After I undressed I went to my mirror and with my back to it, turned my head
and examined my bottom. I could still see some slight splotches of color from
the paddle. I rubbed and the revived the sting. “Would Dad have used the
paddle?” I pondered. I sort of hoped not, I considered a paddle too
impersonal. “If he loved me he would use his hand and not mind if it stung
his hand a bit, he would be willing to do that if he cared” Or so my
reasoning went. “Would I cry when he spanked me?” I smiled at that, I would
cry, I had no doubt of that.
With a final rub of my tush I slipped into my thin green silk pajamas ready
to go to bed when I heard Dad call my name. I went to my door, opened it and
answered.
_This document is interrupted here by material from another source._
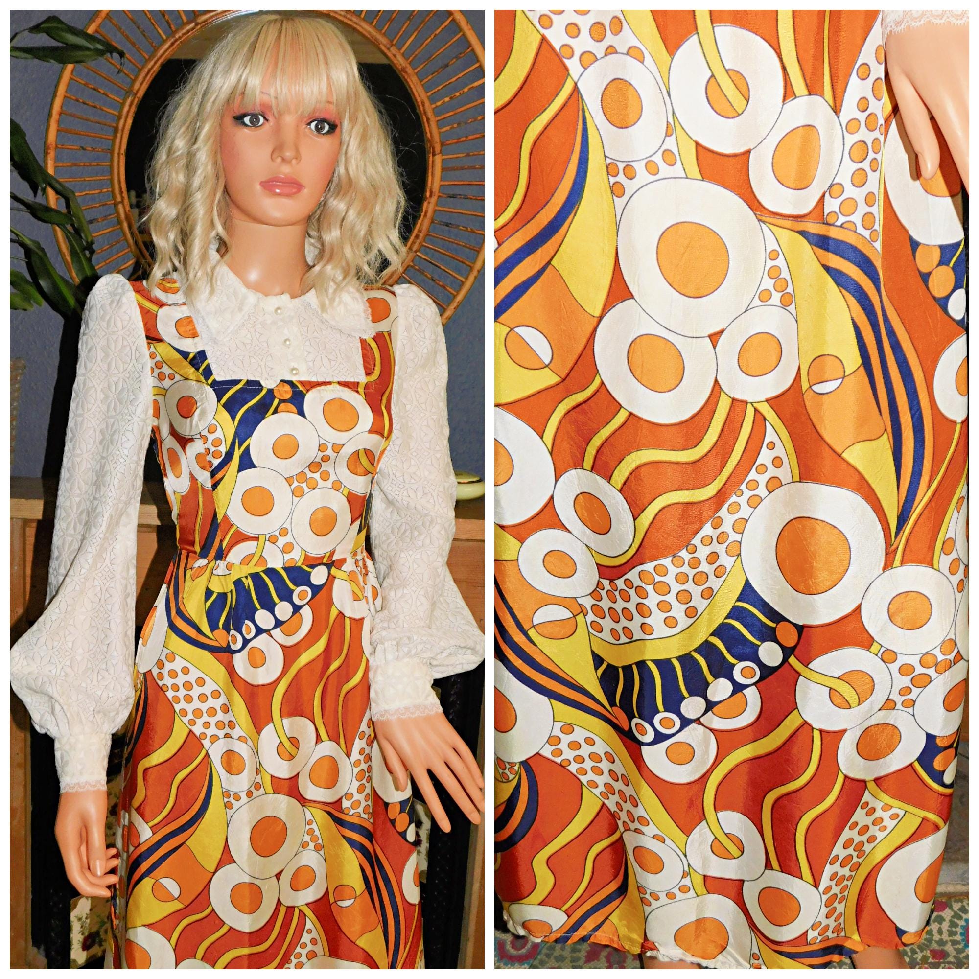 Stunning Original late Sixties/early Seventies maxi dress in a yellow/orange/black geometric print...looks like fried eggs!
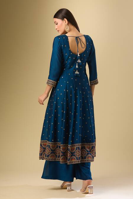Blue Silk Sequins, Zari, Embroidery Round Neck Bloom Kurta Palazzo Set

He called back from downstairs. “Jenn, come down here please, your
Mother and I want to talk to you.” “Oh, no” I thought I’m in trouble. I went
down to the living room and sat on the sofa across from them. Dad spoke
first. “Jenny, your Mother and I have decided that from now on I’ll be
handling the punishments.” I looked at both of them in turn. They looked very
certain in the new rules of the house. Dad continued. “That means if you do
something that deserves a spanking I’ll be the one administering it.” Mom
looked at me with a sympathetic expression. “ I know you’re disappointed
dear, but we think it’s best. you’re just getting too big for me to control.